Listener: 15 May, 2004.
Keywords: Environment & Resources;
Energy is ultimately the key to sustainability, but the first civilisations were based on water. In some cases, the quality water supplies ran out, perhaps from rising salt in irrigated soil, and the civilisation died. This threat is not peculiar to the past. There are great lakes in the middle of Asia dying from mismanagement, African countries dispute over water from the Nile, and even the US and Australia have major water systems that are disappearing or the soil is suffering from excess salt, with serious economic consequences.
Although their systems have property rights that allow users to draw off water for certain purposes, the rights – often based on a “first come first, served” principle – are typically clumsy and often inconsistent with the hydrology. If they allow the drawing off of more water than is available, then those downstream will suffer, and some entitlements will be ineffective. Australia’s great Murray River is a trickle near the sea. Even if those in charge get the hydrology correct, the purposes for which the water is used are often inefficient.
The same problem can apply to sea fish. In a sombre article in the July 2003 Scientific American, Canadian fisheries scientists Daniel Pauly and Reg Watson describe the parlous state of the world’s fisheries, suggesting that many are in danger of collapsing from overfishing. It is a combination of thinking that the resource is unlimited (and simple – the article presents a fascinating insight into the complexity of fisheries) and failing to regulate the take where the stock is known to be limited. Over the last decade, fish landings have been declining by about 700,000 tonnes a year: about double New Zealand’s total annual catch. Not surprisingly, the world price of fish is rising.
New Zealand is an exception, because we restrict the total allowable catch to sustainable levels, using a system of individual transferable quotas (ITQs). This gives long-term property rights to the fishers, the transferring enabling them to seek the most efficient means of catching. Given the political paralysis that applies to most of the world’s fisheries (because those overfishing are fiercely reluctant to stop), our system of ITQs places New Zealand in a strong position to be a world supplier of premium sea fish. However, we should take no pleasure that this is happening.
We are not as well-placed in regard to fresh water, despite putting considerable efforts into improving water quality, and assessing the sustainable draw-offs from ground and underground water. But we still seem to think that, except during droughts, the supply of water is unlimited, even if it is no longer a boundless sump for our waste. At the same time, the property rights are often ambiguous and inefficient, confining the water to a particular use and/or location.
So, although fresh-water allocation may not be an immediate problem, it is a looming one. We should prepare for that future now, especially as it will give us another long-run international trading advantage for water-intensive foods. The Australians, with their water shortages, are ahead of us (although in some locations it may be akin to introducing ITQs when there are no fish).

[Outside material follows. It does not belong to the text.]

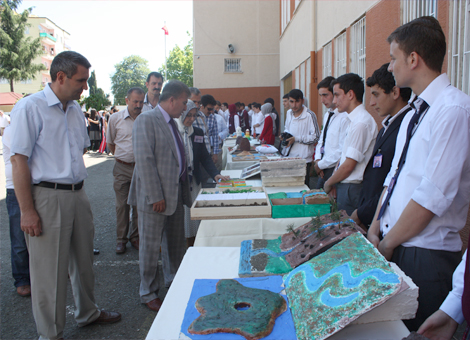 Öğrencilerin ikinci dönem coğrafya derslerinde yaptıkları eserlerin sergilendiği bu programda birbirinden ilginç çalışmalar göz doldurdu. Okulun coğrafya öğretmenleri, Bedriye Bektaş, Süleyman Dilmaç, Mehmet Bayraktar ve Ayşe Öztürk, amaçlarının coğrafya konularını görselleştirerek sevdirmek, öğrenciler arasında kaynaşmayı sağlamak olduğunu belirtti Ayrıca, yaparak-görerek coğrafya konularını sevdirmek,öğrencilerin yaşadıkları coğrafyayı tanıyarak, benimsemelerini sağlamak için 100 den fazla öğrenci ile görsel sunum hazırlanarak oluşturulan sergide Ülkemizin en nadide yeryüzü şekillerinden olan mağaralar peri bacalar Pamukkale travertenleri volkanik dağlar ışıklı Türkiye haritaları ve daha pek çok yeryüzü şekli 3 boyutlu olarak stantlarda yerlerini aldı..Eser sahibi öğrenciler, eserleri hakkında protokol üyelerine detaylı bilgi verdi. Okul müdürü Alaattin Durna bu serginin hazırlanmasında ve planlanmasında emeği geçen başta okul coğrafya öğretmenlerine ve eserleri hazırlayan öğrencilere ve katılımcılara teşekkür etti. Durna, okul olarak hedeflerinin kuran ve sünnet ana ekseninde imam hatip lisesi öğrencilerinin sanat, mimari, resim, musıki, spor, edebiyat tarih ve coğrafya gibi alanlarda da söz sahibi olabilecek birey olarak yetişmeleridir, dedi. Yaptığımız bu çalışma bu hedefimize emin adımlarla yürüdüğümüzün bir göstergesi olduğunu sözlerine ekledi.

Not only should we be cleaning up water quality, we should also be making property rights in water more rigorous. It will not be easy, because the situation varies from catchment to catchment, the performance of councils that manage them is decidedly patchy, and many think that they have a stronger property right to water than the law provides. The outcome should lead to a more rigorous definition of those rights, grandfathering in existing users where practical. But giving to existing users requires tradeability, to enable the transfer of permits to higher valued uses as demand and technology change. The draw-off rules must be clear, but the purpose and location of the use should not be specified, other than what is necessary for hydrological sustainability. The equivalent in fisheries is that we don’t specify how the fish should be caught or what they should be used for.
There is a nervousness about this commercialisation of water. But we are only arguing over at what point in the value chain water should become tradeable. (An onion is full of water, but we don’t restrict its use.) The international experience is that where there are tradeable water rights, water is usually leased only on a temporary basis, although in the long run, we might expect structural change, with more conservation and recycling.
As our demands increase, we may eventually move to the metering of all urban water, too, shifting the charging for water off the rates. There are those who say that water is too valuable to treat this way. Economists say that it is so valuable we should be thinking about how to use it efficiently, rather than wastefully.